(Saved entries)

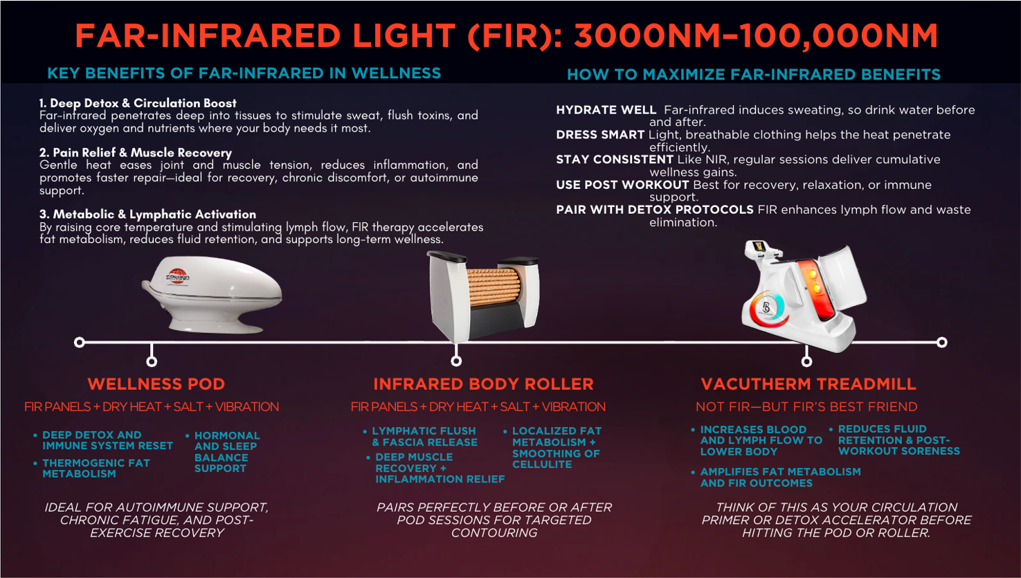 Far Infrared FIR approximately 3 µm–1 mm, operates at the longest wavelengths of the infrared spectrum. Far infrared is typically experienced as radiant heat. It can raise skin and tissue temperature and support circulation responses, sweating, and deep relaxation.
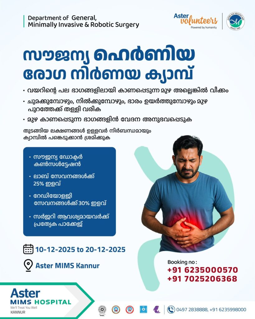 ഹെര്ണിയ രോഗനിര്ണയത്തിന് കൂടുതല് സൗകര്യങ്ങള് ഒരുക്കിക്കൊണ്ടാണ് കണ്ണൂര് ആസ്റ്റര് മിംസില് ഹെര്ണിയ രോഗ നിര്ണയ ക്യാമ്പ് ഒരുക്കുന്നത്.
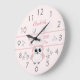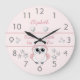 A cute owl clock for your baby girl's nursery or playroom, sprinkled with some silver stars and hearts and the words 'Dream Big, little One.' Just add her name.
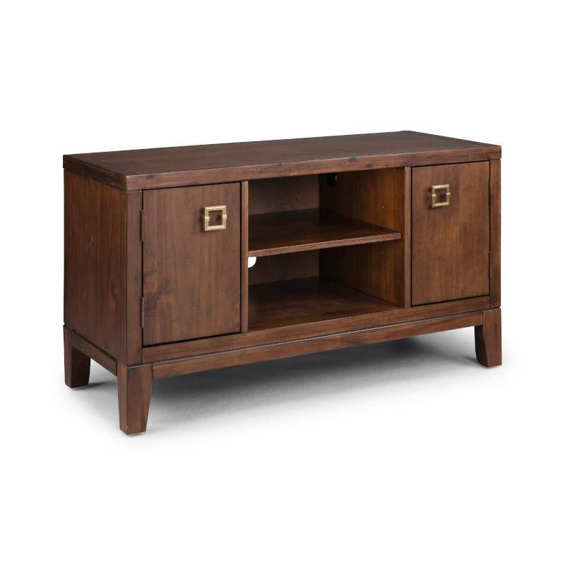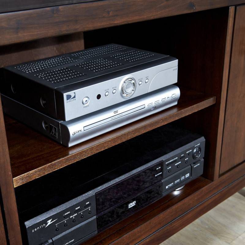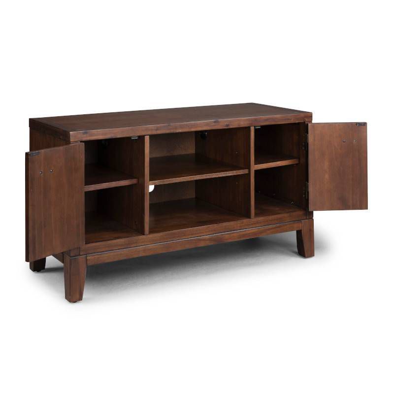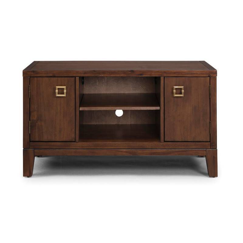 Tapered raised leg frame. 2 doors open to a single adjustable shelf behind each. Unique square door pulls, with brushed bass finish, adding a flare to the design. Open center area features a single adjustable shelf. Wire management access behind each door as well as in lower center open area. Will accommodate most 50" TV's. Arrives to your door by parcel delivery service. Note finish and measurements may vary, assembly required. W-44", D-18", H-24"
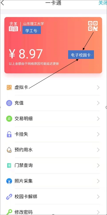 1、登录“山东理工大学”平台,进入应用页面后点击“一卡通”选项,
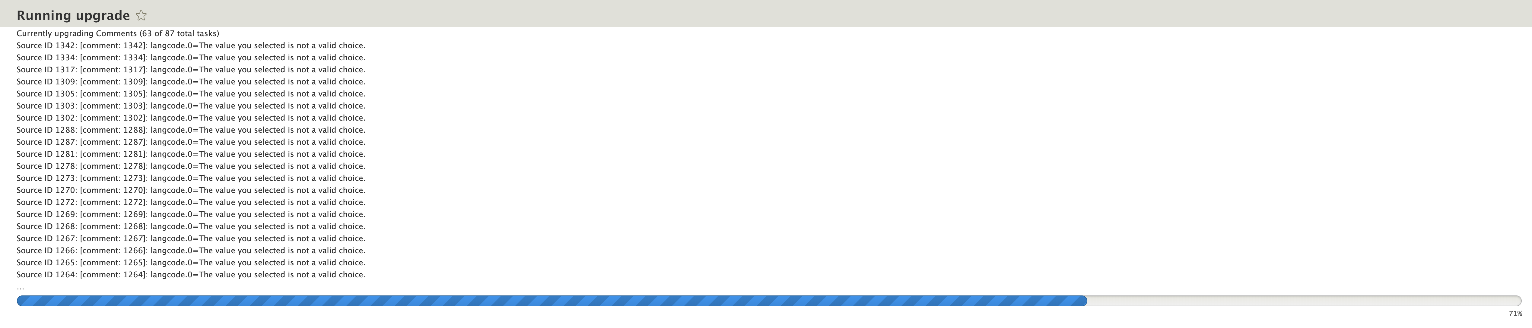 Note that the language column is empty ('') for the upper half of the rows displayed, but set to the unspecified language code ('und') for the bottom half. The upper half are comments upgraded from D5/D6. The bottom half are comments created in D7.

* **Task instructions**
The output should consist of the records above, reproduced exactly, without pictures.

* **Output of the task**
 Far Infrared FIR approximately 3 µm–1 mm, operates at the longest wavelengths of the infrared spectrum. Far infrared is typically experienced as radiant heat. It can raise skin and tissue temperature and support circulation responses, sweating, and deep relaxation.
 ഹെര്ണിയ രോഗനിര്ണയത്തിന് കൂടുതല് സൗകര്യങ്ങള് ഒരുക്കിക്കൊണ്ടാണ് കണ്ണൂര് ആസ്റ്റര് മിംസില് ഹെര്ണിയ രോഗ നിര്ണയ ക്യാമ്പ് ഒരുക്കുന്നത്.
 A cute owl clock for your baby girl's nursery or playroom, sprinkled with some silver stars and hearts and the words 'Dream Big, little One.' Just add her name.
 Tapered raised leg frame. 2 doors open to a single adjustable shelf behind each. Unique square door pulls, with brushed bass finish, adding a flare to the design. Open center area features a single adjustable shelf. Wire management access behind each door as well as in lower center open area. Will accommodate most 50" TV's. Arrives to your door by parcel delivery service. Note finish and measurements may vary, assembly required. W-44", D-18", H-24"
 1、登录“山东理工大学”平台,进入应用页面后点击“一卡通”选项,
 Note that the language column is empty ('') for the upper half of the rows displayed, but set to the unspecified language code ('und') for the bottom half. The upper half are comments upgraded from D5/D6. The bottom half are comments created in D7.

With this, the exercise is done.